La infección del ombligo del niño pequeño quizás solo produzca edema, enrojecimiento, ligero dolor y exudación serosa. Ejerciendo presión cuidadosa por encima o debajo del ombligo a veces se expulsan una o dos gotas de pus. Aparecen edema, dolor, enrojecimiento o color obscuro de la piel de la parte alta del abdomen cuando la celulitis se extiende siguiendo los planos aponeuróticos o los linfáticos.

Trastorno patologicos  del ombligo

Quiste del cordón umbilical

Es un acumulo voluminoso de jalea de wharton  a cualquier nivel del cordón

Persistencia del uraco

Se manifiesta por un escape intermitente de orina por el ombligo. El orificio de la fistula, rojo, suele tener tamano variable pero casi siempre es fácil de descubrir.


Onfalocele
 
Un onfalocele se distingue del tipo corriente de hernia umbilical. Se trata de una hernia de vísceras abdominales en la base del cordón umbilical; el saco que así se produce es una estructura delgada y transparente, formada solamente de peritoneo en su parte interna y de membrana amniótica por fuera.

Hernia umbilical
 
Es una protuberancia del ombligo que se produce cuando el niño hace esfuerzos.

Hernia congénita del diafragma

Los signos clínicos de hernia congénita del diafragma puede ser de aparato respiratorio, circulatorio o digestivo; cianosis, disnea y vomito son frecuente.

Hernia intraabdominal

Puede producirse por defecto congénitos en cualquier parte del mesenterio, especialmente a nivel del íleon terminal. Aberturas similares aparecen a veces en el mesocolon ascendente por debajo del ligamento de treitz.

Hernia inguinal

En los niños, el examen en busca de hernia inguinal considerablemente del mismo en el adulto. En los niños la hernia inguinal casi siempre es de tipo congénito indirecto.

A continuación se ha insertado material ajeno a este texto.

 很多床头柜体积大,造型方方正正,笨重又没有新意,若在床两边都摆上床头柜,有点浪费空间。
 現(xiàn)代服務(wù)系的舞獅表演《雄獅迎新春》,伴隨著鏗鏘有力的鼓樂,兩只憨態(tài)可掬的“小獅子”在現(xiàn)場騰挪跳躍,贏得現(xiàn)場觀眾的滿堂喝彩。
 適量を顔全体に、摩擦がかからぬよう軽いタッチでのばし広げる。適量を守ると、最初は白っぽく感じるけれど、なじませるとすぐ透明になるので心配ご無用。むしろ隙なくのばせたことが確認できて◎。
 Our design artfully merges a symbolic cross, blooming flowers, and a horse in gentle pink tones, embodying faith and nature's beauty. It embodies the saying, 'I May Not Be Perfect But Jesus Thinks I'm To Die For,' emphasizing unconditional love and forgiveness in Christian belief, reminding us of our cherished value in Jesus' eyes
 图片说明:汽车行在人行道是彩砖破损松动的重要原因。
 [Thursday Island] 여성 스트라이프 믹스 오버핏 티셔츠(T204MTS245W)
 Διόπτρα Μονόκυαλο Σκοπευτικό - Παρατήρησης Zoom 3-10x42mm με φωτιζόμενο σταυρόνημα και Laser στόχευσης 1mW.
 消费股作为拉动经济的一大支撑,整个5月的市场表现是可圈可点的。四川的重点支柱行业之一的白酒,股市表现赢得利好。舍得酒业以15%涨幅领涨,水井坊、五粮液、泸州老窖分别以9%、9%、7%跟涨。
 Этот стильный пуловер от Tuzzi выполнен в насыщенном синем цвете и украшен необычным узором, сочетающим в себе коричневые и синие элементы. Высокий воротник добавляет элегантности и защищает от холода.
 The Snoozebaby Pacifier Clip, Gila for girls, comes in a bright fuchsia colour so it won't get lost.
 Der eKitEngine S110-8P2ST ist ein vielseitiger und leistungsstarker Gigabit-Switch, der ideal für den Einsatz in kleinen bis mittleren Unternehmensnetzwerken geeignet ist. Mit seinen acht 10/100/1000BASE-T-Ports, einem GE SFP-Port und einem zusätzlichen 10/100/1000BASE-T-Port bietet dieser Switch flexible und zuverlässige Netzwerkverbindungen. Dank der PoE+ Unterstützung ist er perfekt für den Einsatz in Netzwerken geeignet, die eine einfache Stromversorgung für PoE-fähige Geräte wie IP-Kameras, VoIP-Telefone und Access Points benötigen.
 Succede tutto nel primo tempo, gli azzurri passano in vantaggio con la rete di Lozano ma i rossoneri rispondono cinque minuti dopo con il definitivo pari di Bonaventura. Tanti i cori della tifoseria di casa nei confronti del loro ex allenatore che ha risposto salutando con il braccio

Antes de tocar el niño hay que proceder a una inspección cuidadosa. Si es bastante mayor, esta deberá efectuarse estando de pie. El diagnostica se establece por el aspecto y al aparición y desaparición de la hinchazón al toser, llorar o hacer esfuerzo.

Hidrocele
 
En el niño, la hidrocele es redondeada o alargada, quístico y bien blando. Se deja atravesar por la luz y rodea al testículo, estar a nivel del cordón espermático o el conducto de nuck.
Testículo no descendido

La inspección demuestra que todo el escroto o un lado del mismo es mayor que normalmente y esta poco desarrollado. A veces una ligera hinchazón en el conducto inguinal indica la posición del testículo, que quizá se perciba inmediatamente por fuera del anillo externo o en el mismo conducto.